Cross-validation of species distribution models: removing spatial sorting bias and calibration with a null model

Hijmans, R.J., 2012. Cross-validation of species distribution models: removing sorting bias and calibration with a null model. EcologyLink to paper

Spatial sampling biases, or the observation that testing presence points tend to be closer in space than do testing absence points (and the credibility of cross-validation for assessing model accuracy) remain large issues for SDMs. Hijmans (2012) evaluates two different ways of selecting testing-presence data and two ways of selecting testing-absence data in order to better understand how spatial sampling biases and cross-validation may lead to inflated confidence in SDMs. Indeed he found that a null model, based solely on distance to nearest presence point, performed just as well (.69) as Bioclim (.64) and Maxent (.73).

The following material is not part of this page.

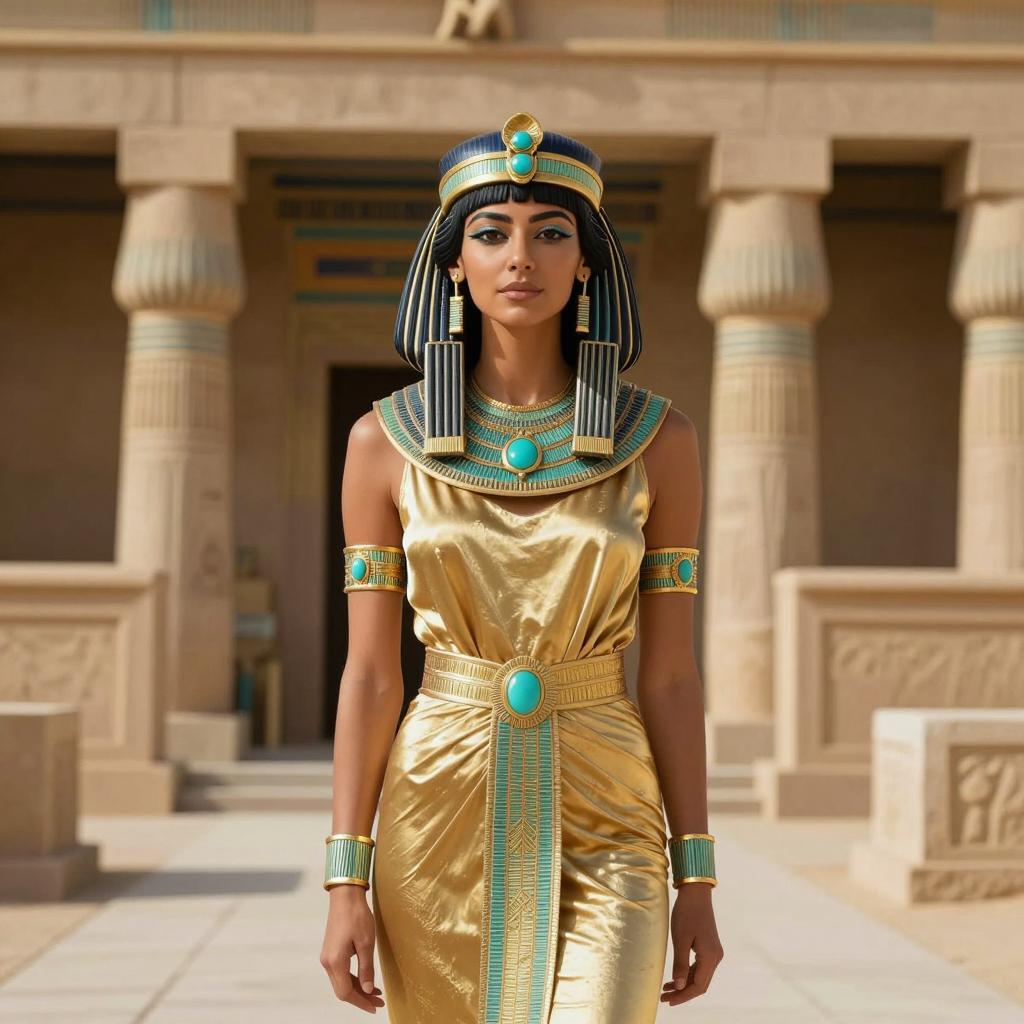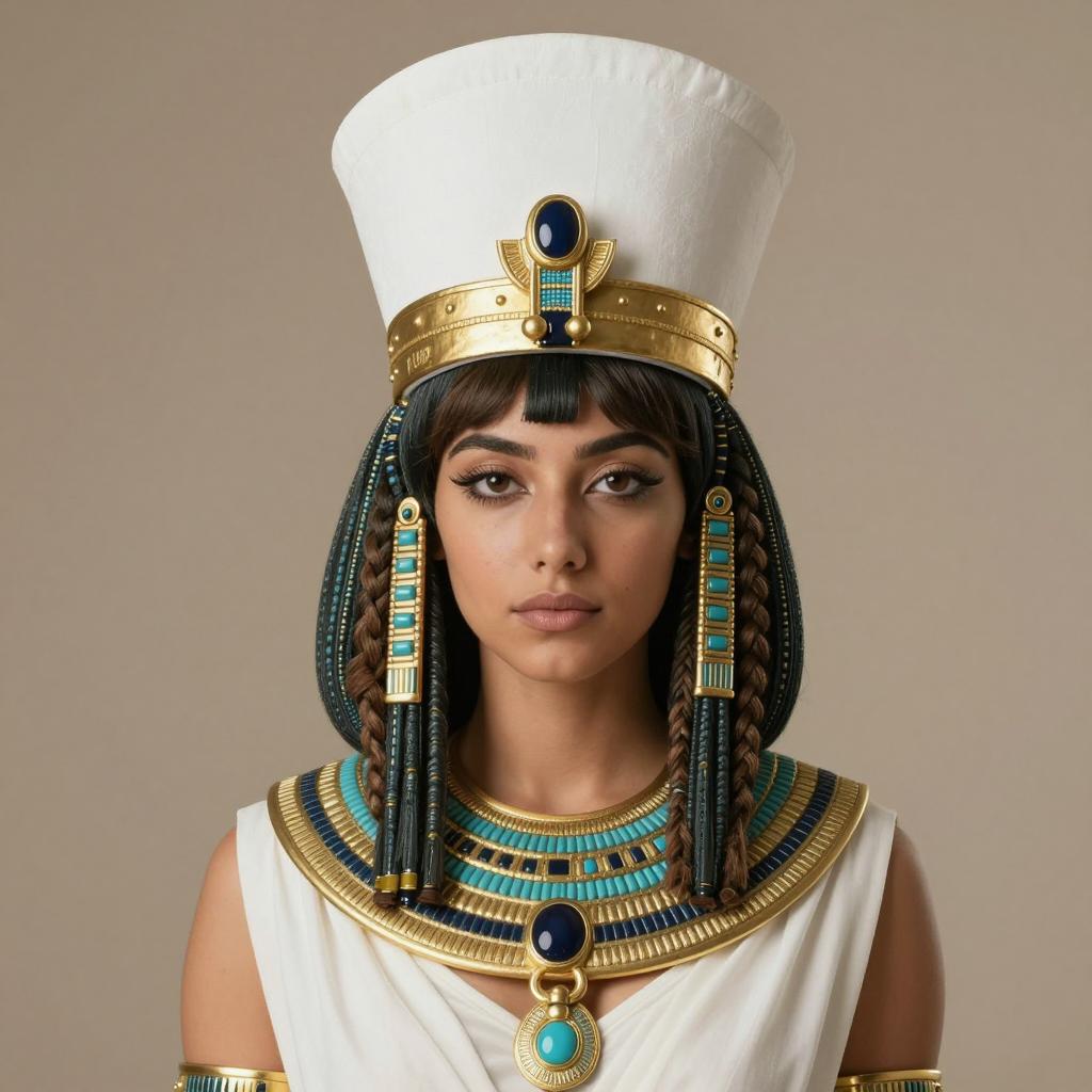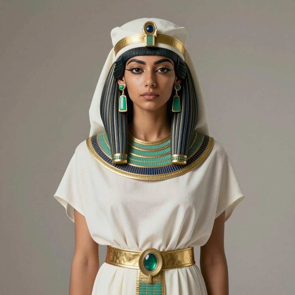 Egyptian dress female, photorealistic portrait of a young woman with olive skin, dark brown eyes, and long braided brown hair, wearing an ancient Greek-inspired outfit with a white draped robe and gold trimmed edges, ornate gold headpiece with a central feather design, black beaded necklace, large gold hoop earrings, serious expression, soft sunlight, blurred background of a classical stone building with arches and potted plants, realistic ure and lighting, highly detailed, standing in front of a wall, warm colors, Mediterranean or classical historical setting

This suggests that it can be difficult to directly interpret uncallibrated cross-validation results (as is seen in most studies using SDMs) and that calilibrating with a null model could lead to more accurate predictions. This study calls into question many results from SDMs, especially those using data that is inherently clumpy (e.g. museum records). I think this is an especially open area for research with questions such as: How can knowledge of a species biology be used to pre-process (filter) species occurrence data before being input into SDMs? Or how does clumpiness of species occurrence data affect predictability of species range?